> [EXERCISE REQUIREMENTS]: The result should be an exact copy of only the lines from the one holding "Бейдж с защитой" through the last line of the data below, please, without pictures.

> [DATASET RECORDS]:
....
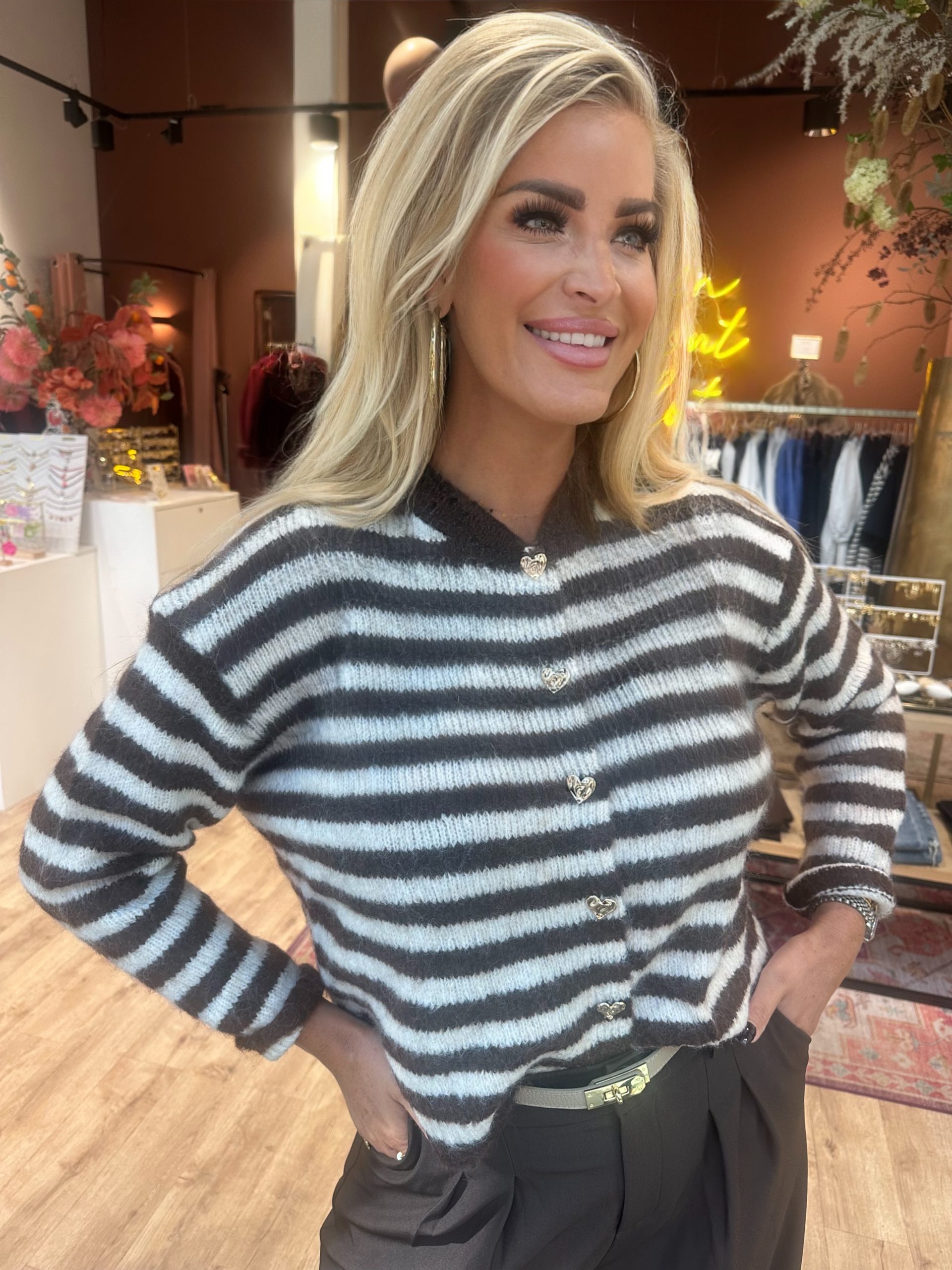 Vest Moniek bruin/beige streep
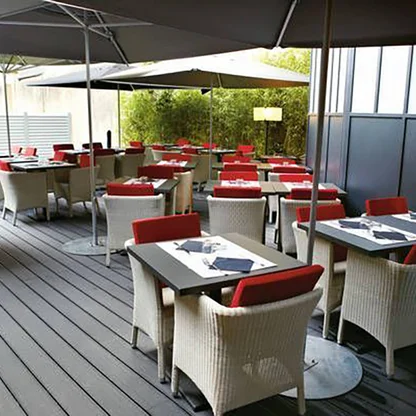 Als Alternative zu den reinen Holz-Terrassendielen bieten unsere WPC-Produkte alle Vorteile des robusten Kunststoffs. Ihre Widerstandskraft gegen Witterungseinflüsse und den Befall durch Pilze oder Insekten machen dieses Produkt zu einem äußerst attraktiven Bodenbelag im Außenbereich - vor allem für gewerbliche Flächen. Durch den flexiblen Einsatz von Formen und Farben haben Sie die Möglichkeit, Ihrem Terrassendesign einen starken individuellen Charakter zu verleihen.
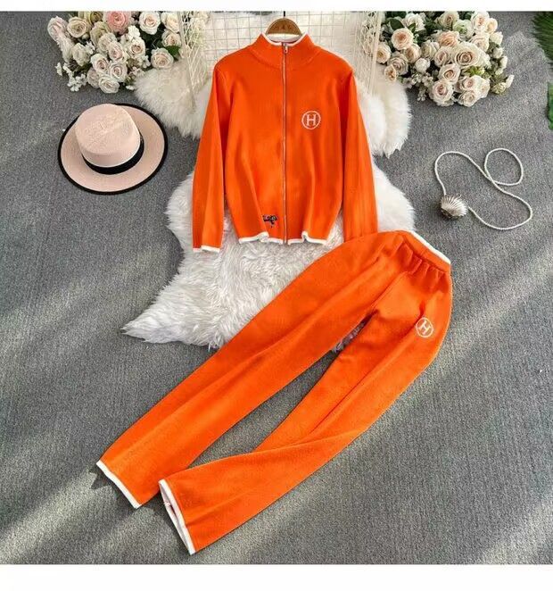 봄과 가을 새로운 지퍼 스웨터 카디건 코트 여성 자수 스웨터 긴팔 탑 투피스 세트 하이 웨이스트 와이드 레그 팬츠스토어 가기
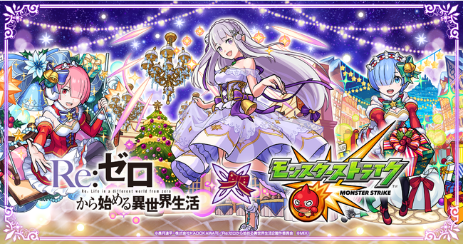 株式会社MIXI(東京都渋谷区、代表取締役社長:木村 弘毅)は、スマホアプリのひっぱりハンティングRPG「モンスターストライク」(以下モンスト)において、TVアニメ『Re:ゼロから始める異世界生活』とのクリスマス仕様のコラボを本年12月16日(金)12:00より開催します。
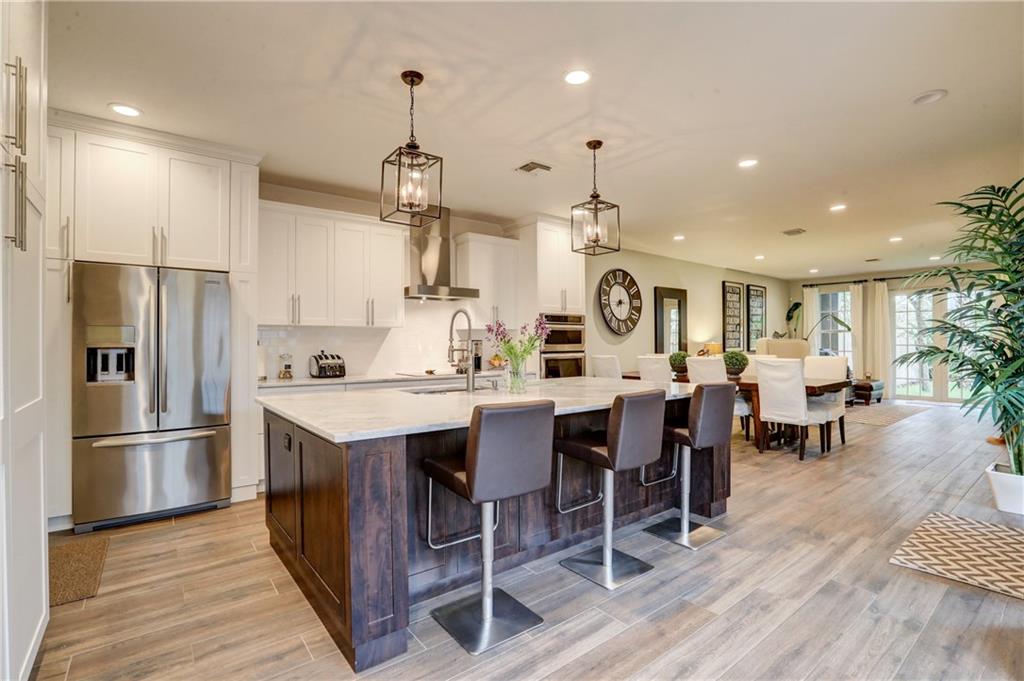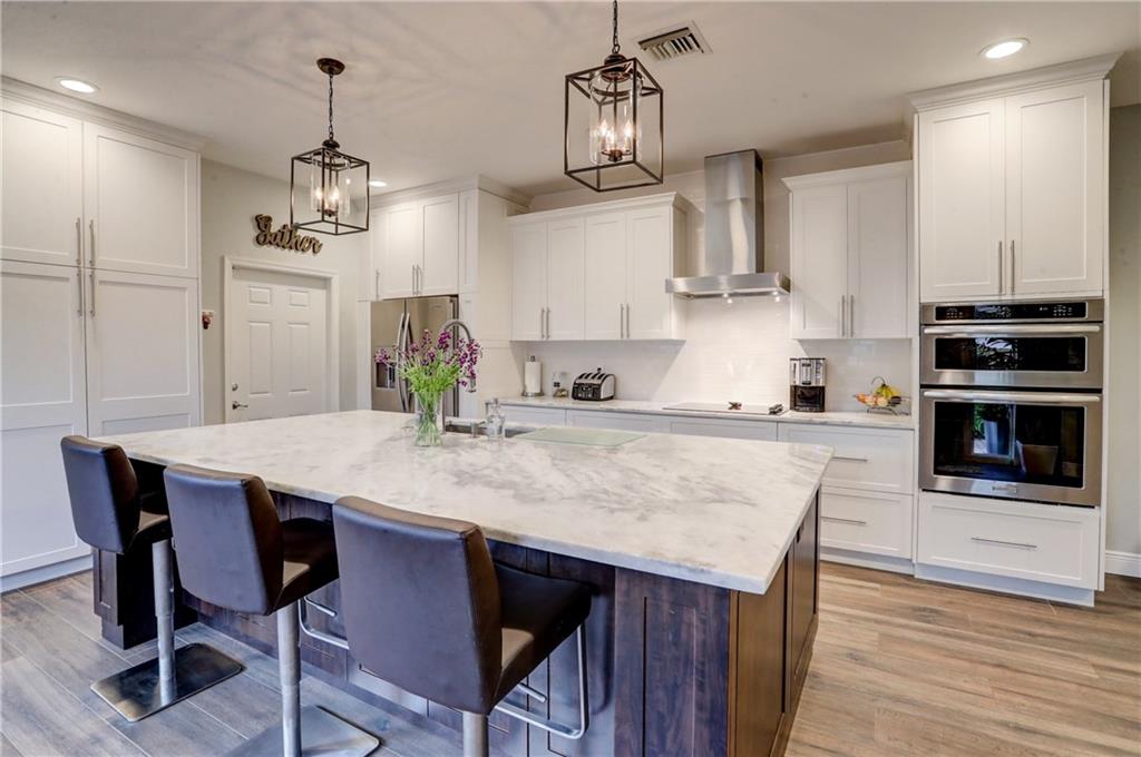 High End Renovated Residence w/over $70k in modern & tasteful upgrades.Better than New.1st floor: Desirable open floor plan w/Kitchen w/Quartzite Counters,eat-in at the bay window,huge island w/top of the line sink & faucet,breakfast bar for entertaining,white wood cabinets w/custom built-ins & pull-outs,double wall oven,Zephyr exhaust hood over 4-burner glass flat top,under counter wine cooler,& ASKO dishwasher.Newer washer/dryer.Wood Plank Tile & High Hat Lighting,Dining & living room,½ bath.2nd floor:New wood floors on stairs w/shoe molding,2 master suites w/attached baths.Master bath w/dual sinks,marble counter,spa tub,& separate shower.Open loft area between split bedrooms,abundant closets & storage home,oversized fenced yard w/room for pool,2-car garage.FHA/VA ok,NO HOA
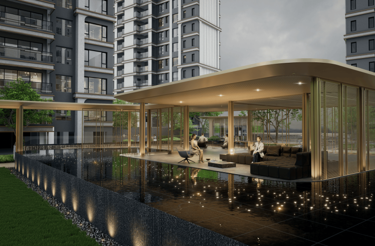 ▋ 约1000㎡环绕式下沉生活会所下沉生活会所打造灵动静面水景,景观秘境里,千年东方造园哲思化作“守望乌桕"、"一池三山"、"四水归堂"的雅集景象。视觉大开大合同时又富有变化,结合高差营造的水帘瀑布落入水池中,飞瀑叠泉,归家即度假,同时会所具备健身、会客、品茗、儿童游乐等功能,为峯层人士定制的高阶生活方式。
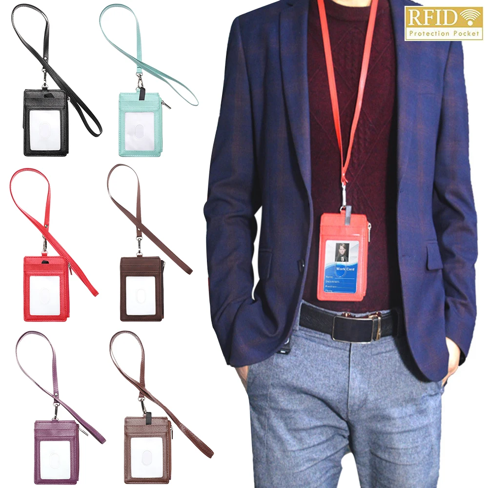 Бейдж с защитой RFID для мужчин и женщин, держатель для карт для взрослых и детей, чехол со шнурком для пластиковых карт, имя и визиток, 1 шт.
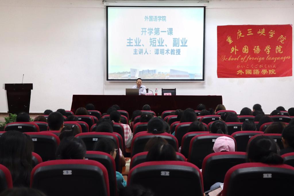 为了帮助2019级新生更好更快融入大学的学习生活,书写人生新篇章,9月23日上午10:30,在明辨楼2栋106,公司党委常委、副董事长谭明术教授为新生做了题为“主业、短业、副业”的开学第一课。
....
> [RESULT FOR THIS TASK]:
 Бейдж с защитой RFID для мужчин и женщин, держатель для карт для взрослых и детей, чехол со шнурком для пластиковых карт, имя и визиток, 1 шт.
 为了帮助2019级新生更好更快融入大学的学习生活,书写人生新篇章,9月23日上午10:30,在明辨楼2栋106,公司党委常委、副董事长谭明术教授为新生做了题为“主业、短业、副业”的开学第一课。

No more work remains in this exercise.